SO I am editing this horror scene and I want to change the brightness of the left side of the wall to something similar to the dark right side. I want to light to be mostly on the actor's faces. I tried doing "change to color" and "color change" effect in after effect but didn't get good results. Now I am thinking about masking that bright wall area and changing the brightness. But that process seems long since this is a long clip. Is there any faster way to do this in after effects or premiere pro?
2 Answers
If I may, I would recommend using Davinci Resolve for this. It's free and does what you want way better than premiere. Since your question was raised for premiere though, let me propose two different solutions for this.
- Use a Luma-Matte for an adjustment layer. To to this:
- Duplicate your footage
- Apply curves on the footage to maximise the contrast. (the wall should be completely white, your talent should be completely black.
- Apply a curves effect on the adjustment layer and place it below your duplicated, contrasted footage and above your original footage-layer.
- For the adjustment-layer, under "track mattes" select the luma matte from your contrasted footage-layer.
- Now dial down the curve on the adjustment layer and see that it only affects the wall.
- Use a Roto. If the Luma-Matte isn't working well because you can't really separate the talent from the background, this would be your last resort.
- Draw a mask around your talent's face on the footage-layer and do that for every 2nd to 3rd frame, so that the mask moves with the face.
- Apply curves to your footage-layer.
- Press "e" to bring up the effects on your footage-layer and open up the curves.
- Under "Compositing Options" click the small "+" and select the mask you just drew.

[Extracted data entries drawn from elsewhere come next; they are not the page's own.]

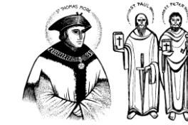
English Martyrs and Ss. Peter and Paul's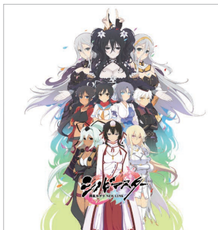
SHINOVI MASTER -SEN-RAN KAGURA NEW LINK- (F2P App)

©Marvelous Inc. ©HONEY PARADE GAMES Inc.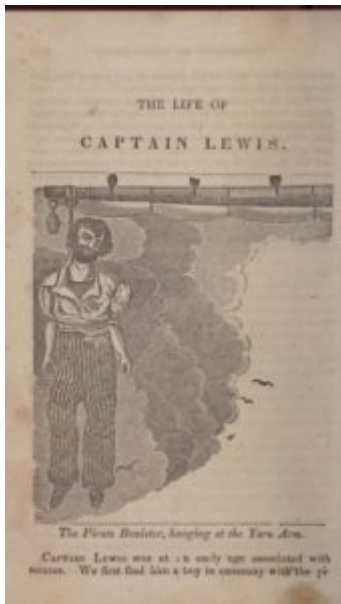
Figure 2: Image of Captain Lewis hanging from the yard arm. Charles Ellms, comp., and Samuel Nelson Dickinson, The Pirates Own Book (Portland, ME, F. Blake, 1856).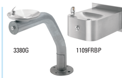
Metal Fountains (Pedestal and Wall)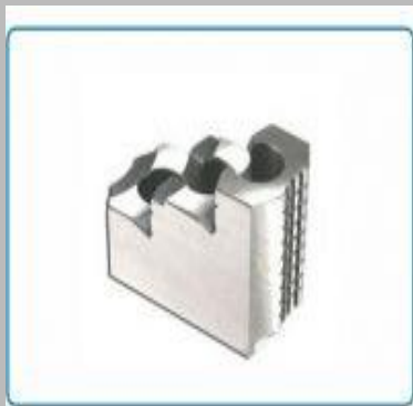
Top Hard Jaws For Power Chucks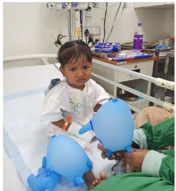
Paediatric Heart Surgeries on 21 & 22 November 2023 at Jupiter Hospital ,Thane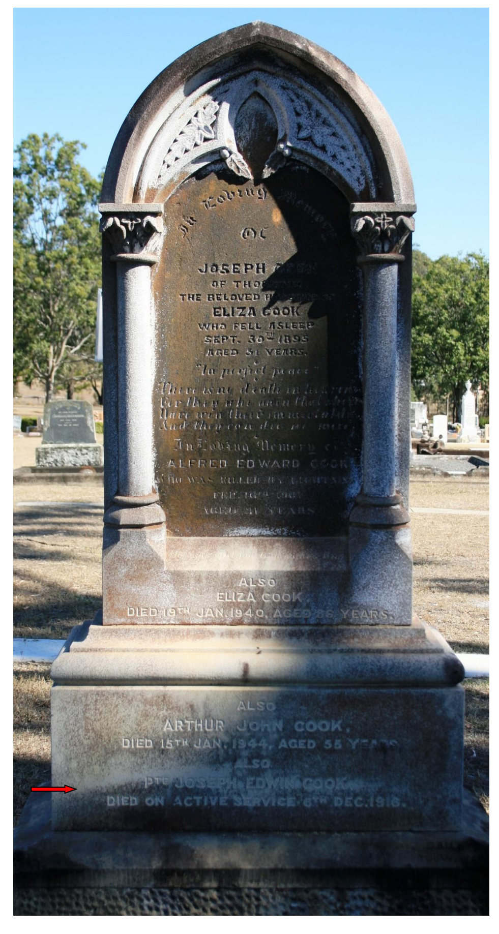
Cook Family Headstone in Laidley Cemetery, Queensland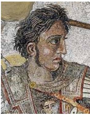
331 BC Alexander the Great defeats Darius III of Persia in the Battle of Gaugamela

- Make sure the mask is set to subtractive if you masked out the face, or additive if you masked out the portion of the wall.

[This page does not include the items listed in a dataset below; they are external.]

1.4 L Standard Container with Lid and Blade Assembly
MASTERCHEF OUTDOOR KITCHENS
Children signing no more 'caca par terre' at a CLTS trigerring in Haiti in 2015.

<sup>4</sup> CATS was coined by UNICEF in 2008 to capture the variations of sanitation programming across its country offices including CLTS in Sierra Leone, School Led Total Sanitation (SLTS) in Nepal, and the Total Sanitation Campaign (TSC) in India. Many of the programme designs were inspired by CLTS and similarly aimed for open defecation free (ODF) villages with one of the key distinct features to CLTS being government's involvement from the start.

- Now dial down the curve in the Effect Controls and see that the effect only applies inside the mask.
- You might want to feather the mask to not have a hard edge that might be distracting.
I hope this helped, have a good day! :)
Edit: You might want to use a mix of the two methods: The Luma-Matte for the hair, which is hard to rotoscope, and using masks for the simpler areas of the head.

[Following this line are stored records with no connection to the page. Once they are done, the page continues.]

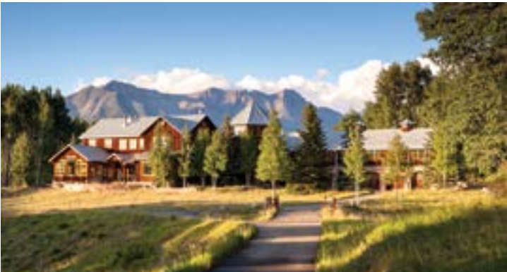
Telluride, Colorado 13 Beds, 28 acres $17,900,000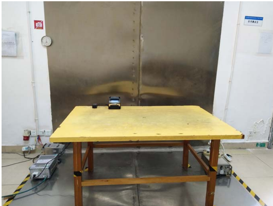
Conducted Emission Side View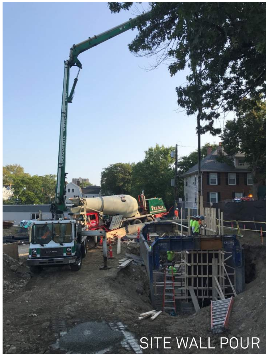
SITE WALL POUR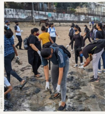
BEACH WARRIORS BEACH CLEANUP DADAR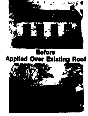
Before Applied Over Existing Roof

PO Box 231 Rehrersburg, PA 19550 (717) 933-4666 (717) 933-5305 (717) 933-5174

If you have Premiere, chances are you have After Effects, which would be the best option for this job. But Premiere is still capable of doing it, without any roundtripping to other aps.
Here's my results, I just used a screenshot of your screenshot, so you'll probably get a better result using your original footage.
To get this I duplicated the layer, and on the bottom layer added Lumetri color and pulled the rgb curve down to make the background dark.
I added Lumetri colour to the top layer, balanced the overall colour temperature until the BG was white, then pulled up the midtones to get a bit more separation between the wall and the face. Then I used the basic color Key effect and got the wall colour using the eyedropper, and fiddled with the tolerance, edge thin, and edge feather options until it was as good as it could be.
The highlight spot on the actor's nose is a problem, you may have to duplicate the layer, and mask out just the area around that spot without the color key effect applied. You don't have to be precise with this mask, but you have to track it to follow the movement.